Goal of the exercise: Would you transcribe the records below from the line with "기후에너지환경부와 한국환경산업기술원은 3월" to the line with "阿雷格里港是巴西最南部的大城", ends included, exactly and with nothing more, leaving the pictures out?

Data in this exercise:

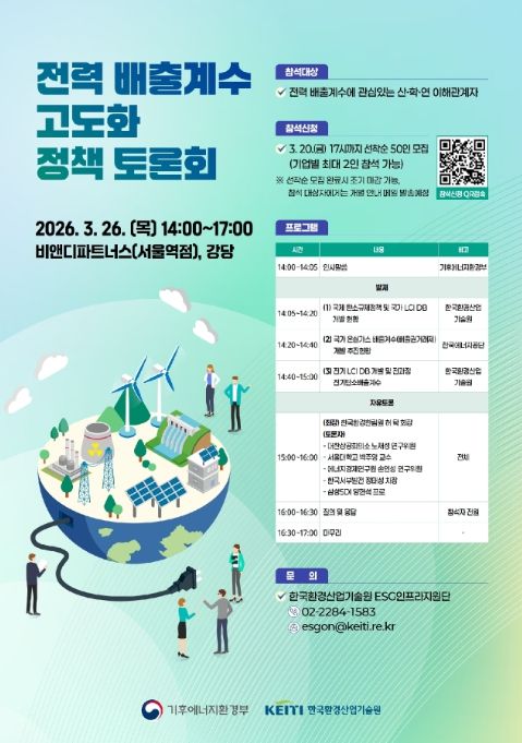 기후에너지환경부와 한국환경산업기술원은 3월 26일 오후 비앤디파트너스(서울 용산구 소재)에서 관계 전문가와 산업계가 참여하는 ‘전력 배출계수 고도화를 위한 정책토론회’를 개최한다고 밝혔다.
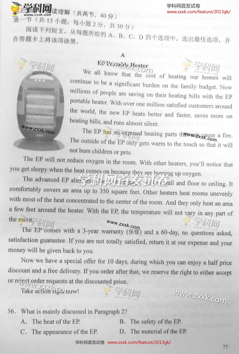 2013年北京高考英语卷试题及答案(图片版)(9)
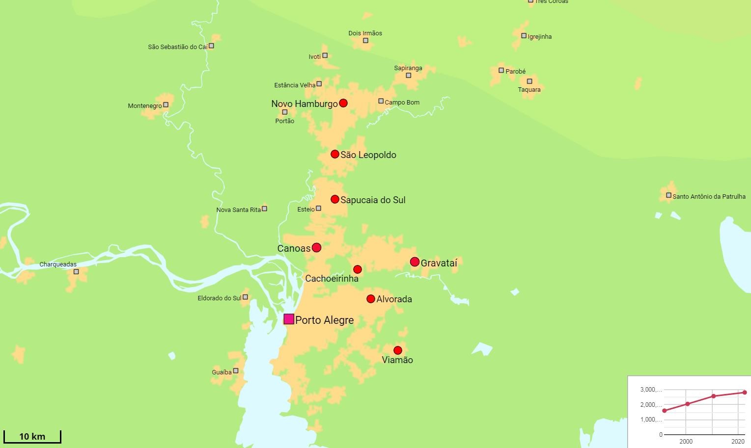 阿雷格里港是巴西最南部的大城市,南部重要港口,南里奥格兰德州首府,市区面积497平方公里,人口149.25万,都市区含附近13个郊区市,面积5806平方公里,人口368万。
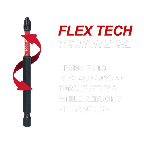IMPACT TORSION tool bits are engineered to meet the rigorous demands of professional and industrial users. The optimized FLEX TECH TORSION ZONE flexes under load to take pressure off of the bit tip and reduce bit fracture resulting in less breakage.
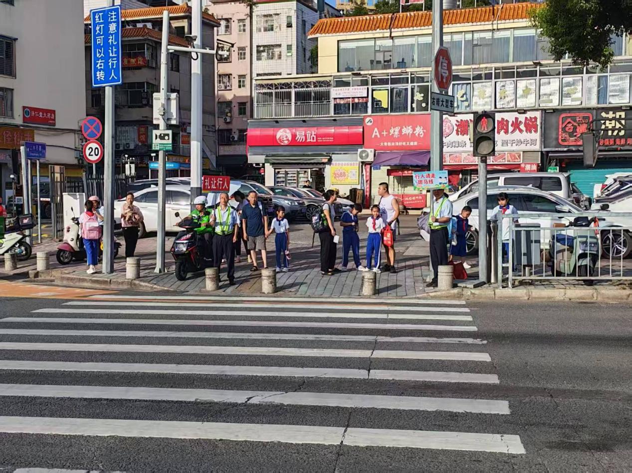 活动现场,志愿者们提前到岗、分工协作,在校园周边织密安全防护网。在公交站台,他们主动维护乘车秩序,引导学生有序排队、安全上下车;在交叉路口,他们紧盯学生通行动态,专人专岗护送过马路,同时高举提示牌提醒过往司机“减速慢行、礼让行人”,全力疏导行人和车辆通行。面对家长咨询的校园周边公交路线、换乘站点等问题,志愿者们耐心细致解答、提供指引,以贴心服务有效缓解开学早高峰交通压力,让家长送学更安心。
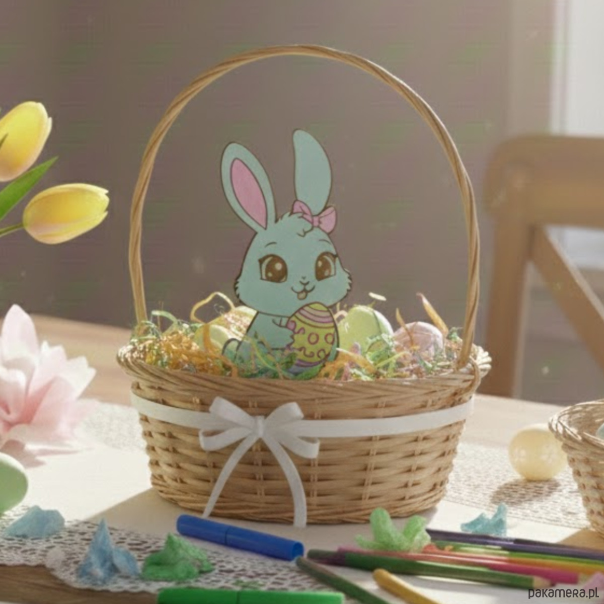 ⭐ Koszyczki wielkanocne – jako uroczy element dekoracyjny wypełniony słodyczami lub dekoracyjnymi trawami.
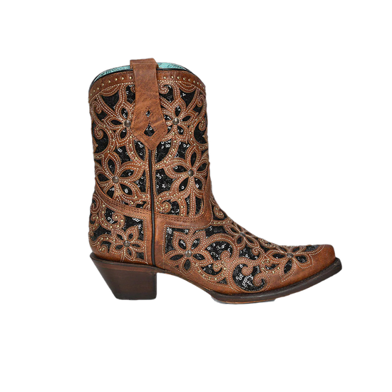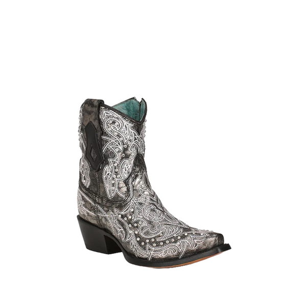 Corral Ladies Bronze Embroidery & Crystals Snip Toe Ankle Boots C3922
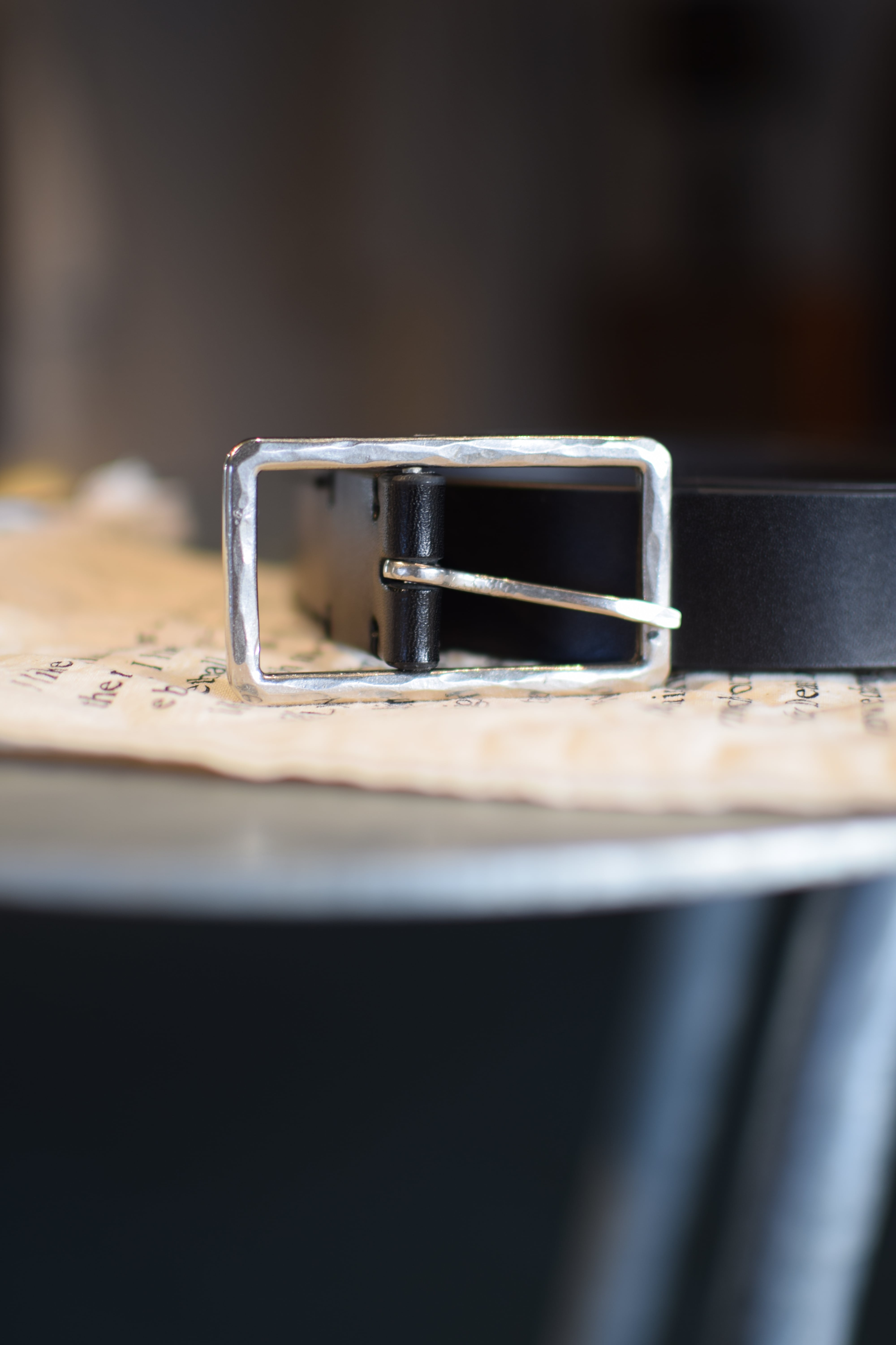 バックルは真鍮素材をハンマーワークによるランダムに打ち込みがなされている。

---

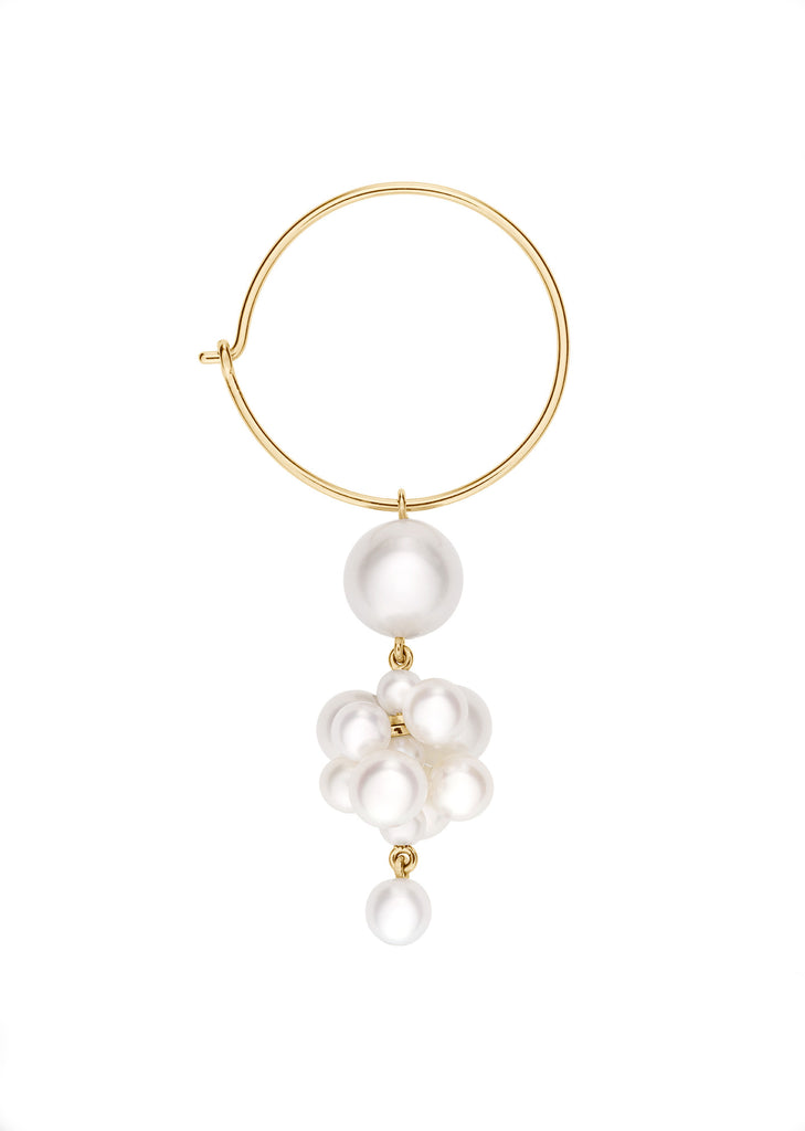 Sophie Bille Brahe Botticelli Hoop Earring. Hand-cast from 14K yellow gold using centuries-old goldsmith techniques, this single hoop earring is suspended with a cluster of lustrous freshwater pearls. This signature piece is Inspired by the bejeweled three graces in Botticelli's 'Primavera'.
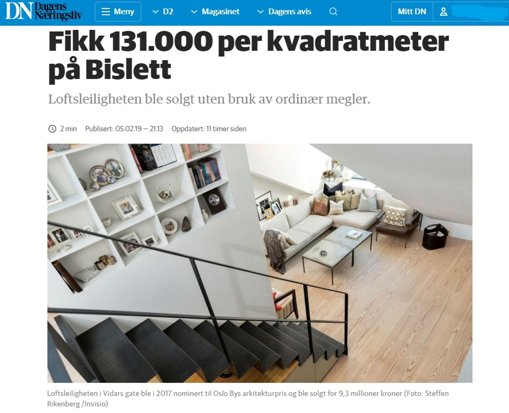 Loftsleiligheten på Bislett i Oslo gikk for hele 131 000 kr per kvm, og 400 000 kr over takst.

Output for this exercise:
 기후에너지환경부와 한국환경산업기술원은 3월 26일 오후 비앤디파트너스(서울 용산구 소재)에서 관계 전문가와 산업계가 참여하는 ‘전력 배출계수 고도화를 위한 정책토론회’를 개최한다고 밝혔다.
 2013年北京高考英语卷试题及答案(图片版)(9)
 阿雷格里港是巴西最南部的大城市,南部重要港口,南里奥格兰德州首府,市区面积497平方公里,人口149.25万,都市区含附近13个郊区市,面积5806平方公里,人口368万。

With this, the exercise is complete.